**WHAT THE TASK ASKS**
What is needed is an exact transcription of every entry below, with the pictures left out.

**SUPPLIED DATA**
────────
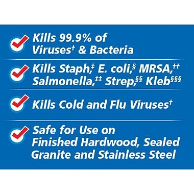 -. Feature : Kills 99.999% of viruses and bacteria, including Human Coronavirus and Influenza A2 Virus / Kills cold and flu viruses, E. Coli, Salmonella, Staph, and Strep / Pre-moistened, thick, textured wipes / Clear-drying formula works on a variety of surfaces / Use where germs build up all day, on countertops, doorknobs and bathroom surfaces
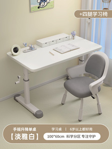【エレガントホワイトテーブルとチェアセット】100*60ハンドリフトシングルテーブル+昇降式4本脚学習椅子
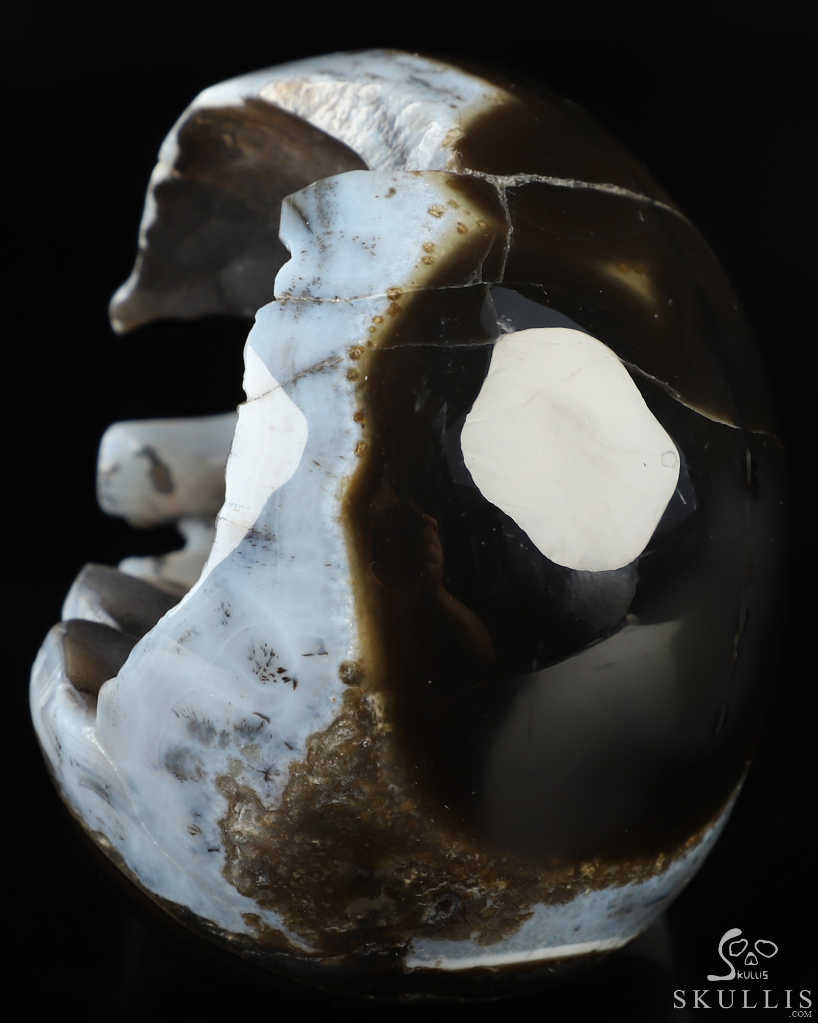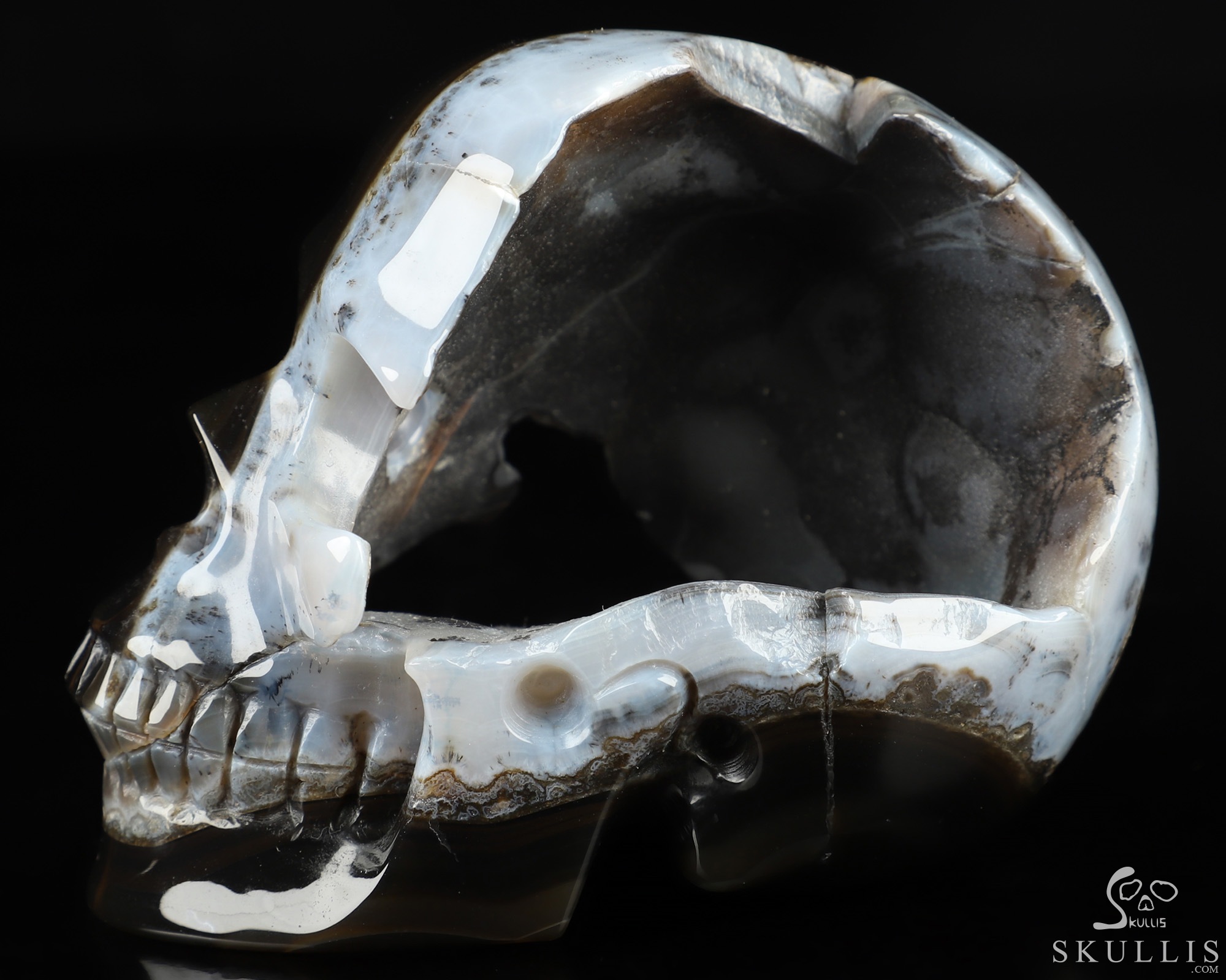 3.9" Agate Geode Hand Carved Crystal Skull, Realistic, Crystal Healing
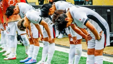 Z jednej strony piękna scenka, bo piłkarze Urawy dziękują swoim kibicom w niecodzienny dla nas sposób, z drugiej- są przybici bo odpadają z turnieju, choć nie zabrakło im wiele do szczęścia
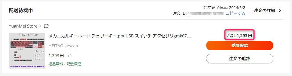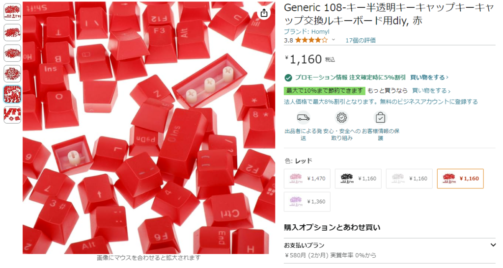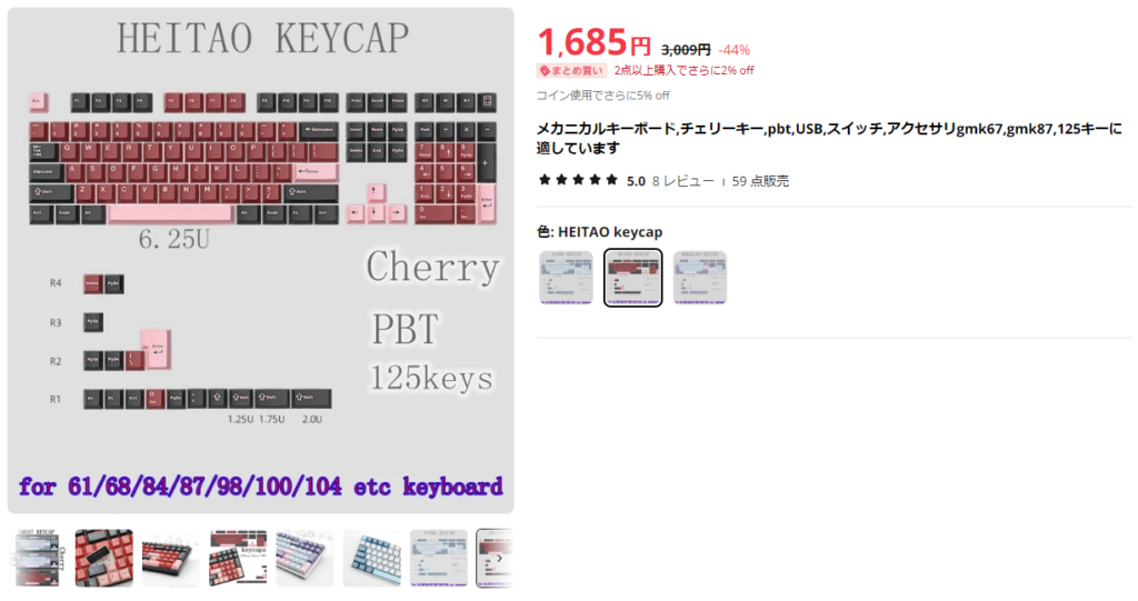 しかし、俺の気を引くキーキャップが見つからず、取りあえず赤系で探していたらアリエクのタイムセールで同じくらいの金額で良さそうなキーキャップが出ていたのでGetした。
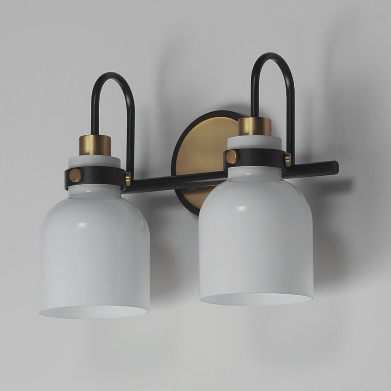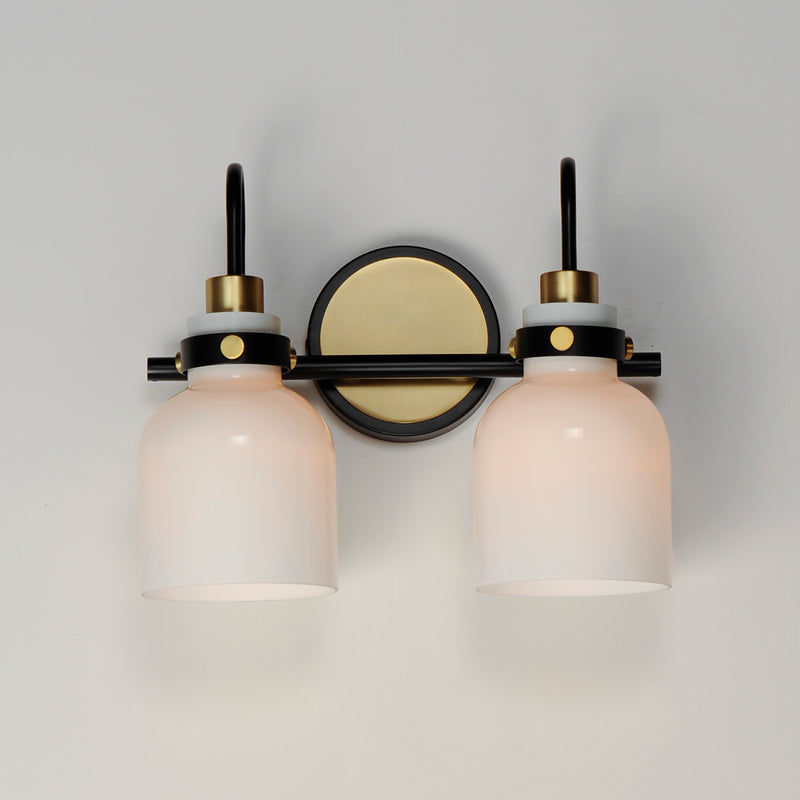 Celebrate nostalgia using these sconces that feature opal White glass shades in a bell shape. Supported on rings of metal in your choice of Polished Chrome or a bolder two-tone Black and Satin Brass, this refreshing take plays into a retro aesthetic of your bathroom decor. Available in various lengths of bath vanity lights or single sconces.
────────
**ANSWER BOX**
 -. Feature : Kills 99.999% of viruses and bacteria, including Human Coronavirus and Influenza A2 Virus / Kills cold and flu viruses, E. Coli, Salmonella, Staph, and Strep / Pre-moistened, thick, textured wipes / Clear-drying formula works on a variety of surfaces / Use where germs build up all day, on countertops, doorknobs and bathroom surfaces
【エレガントホワイトテーブルとチェアセット】100*60ハンドリフトシングルテーブル+昇降式4本脚学習椅子
 3.9" Agate Geode Hand Carved Crystal Skull, Realistic, Crystal Healing
 Z jednej strony piękna scenka, bo piłkarze Urawy dziękują swoim kibicom w niecodzienny dla nas sposób, z drugiej- są przybici bo odpadają z turnieju, choć nie zabrakło im wiele do szczęścia
 しかし、俺の気を引くキーキャップが見つからず、取りあえず赤系で探していたらアリエクのタイムセールで同じくらいの金額で良さそうなキーキャップが出ていたのでGetした。
 Celebrate nostalgia using these sconces that feature opal White glass shades in a bell shape. Supported on rings of metal in your choice of Polished Chrome or a bolder two-tone Black and Satin Brass, this refreshing take plays into a retro aesthetic of your bathroom decor. Available in various lengths of bath vanity lights or single sconces.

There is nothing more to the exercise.